Caminos de Michoacán
Tan mentalizados estamos los zacatecanos para que la sociedad se defienda con sus propios medios que todo mundo, empezando por los voceros gubernamentales, vertió encendidos elogios a los humildes habitantes de Villa Cárdenas, municipio de Francisco R. Murguía, cuando se organizaron para repeler al grupo delictivo que les exigía la entrega de todas las armas, asumiendo en esencia idéntica actitud a los habitantes de Tacíntaro, Michoacán.

Los ganaderos zacatecanos que recientemente demandaron autorización de armarse para defenderse ellos mismos, envían el mismo mensaje que los productores aguacateros michoacanos le vienen diciendo al gobierno michoacano.

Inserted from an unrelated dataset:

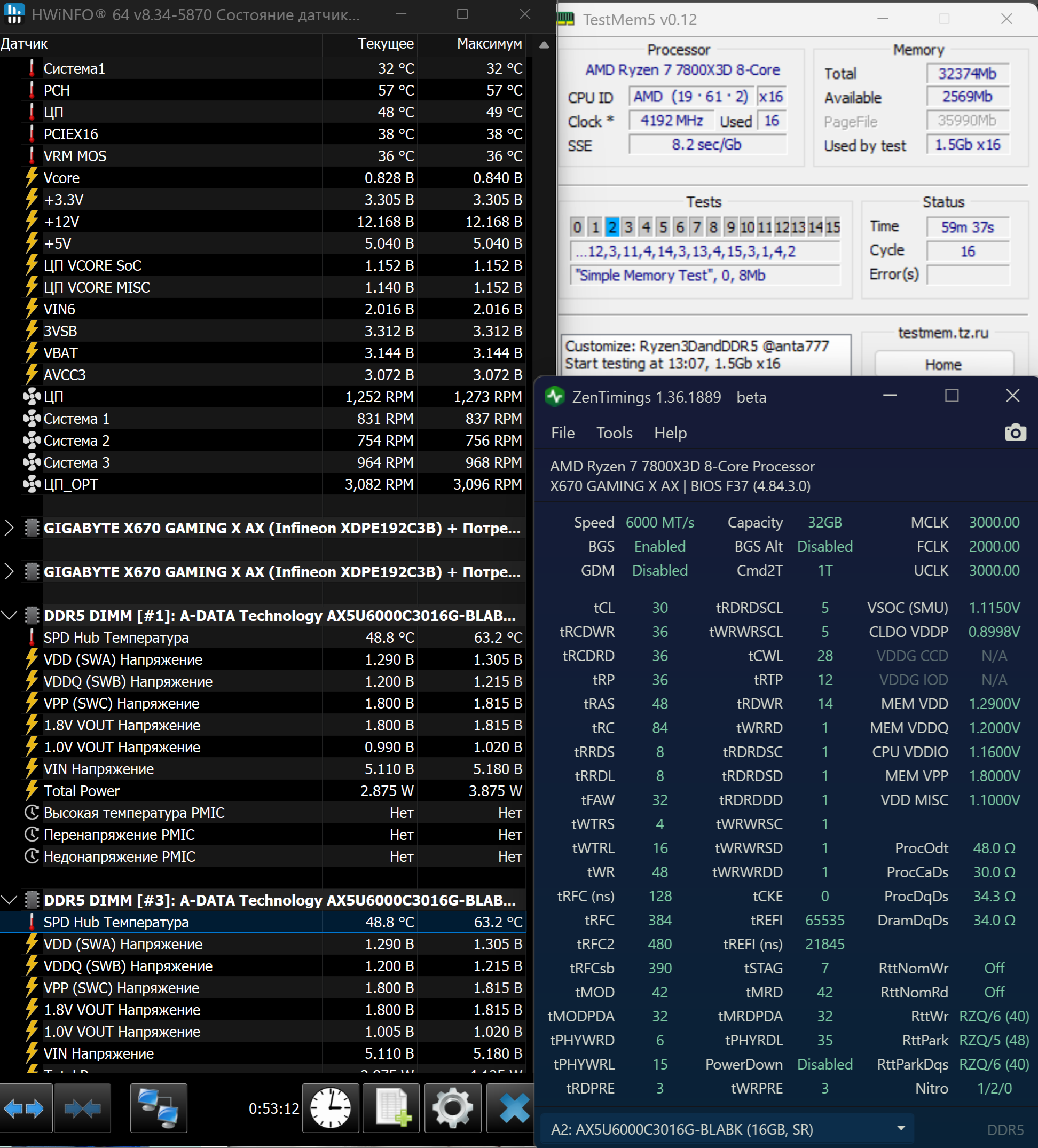 При выполнении TestMem5 с профилем Ryzen3D замечены кратковременные скачки температуры памяти до 63.2 градусов. Это какой-то глюк HW? Таких температур раньше никогда не было ни в каких играх/тестах, в районе 50 градусов обычно. Что можно посоветовать по напряжениям?

Los numerosos signos de impotencia, indiferencia y complicidades de la clase política michoacana tienen su equivalente local en la ausencia crónica del tema en las agendas de muchos actores políticos y en la no menos crónica deslegitimación que envuelve su desempeño.

El ocultar hechos hasta donde sea posible, otra similitud. Otro paralelismo trágico es el que nos lleva a esperar la solución procedente de la Federación: Michoacán fue la primera entidad donde se recurrió al empleo masivo del Ejército aquel 11 de diciembre del 2006; los resultados lo dicen todo, hoy por hoy nada es igual porque todo está peor.

En Zacatecas seguimos en el espejismo de que el Ejército, la Marina y los policías federales harán la tarea de devolvernos la tranquilidad perdida y que a nosotros sólo nos toca “echarles flores”. Sin cambio de vereda no hay cambio de destino.

Nos encontramos el jueves en El recreo.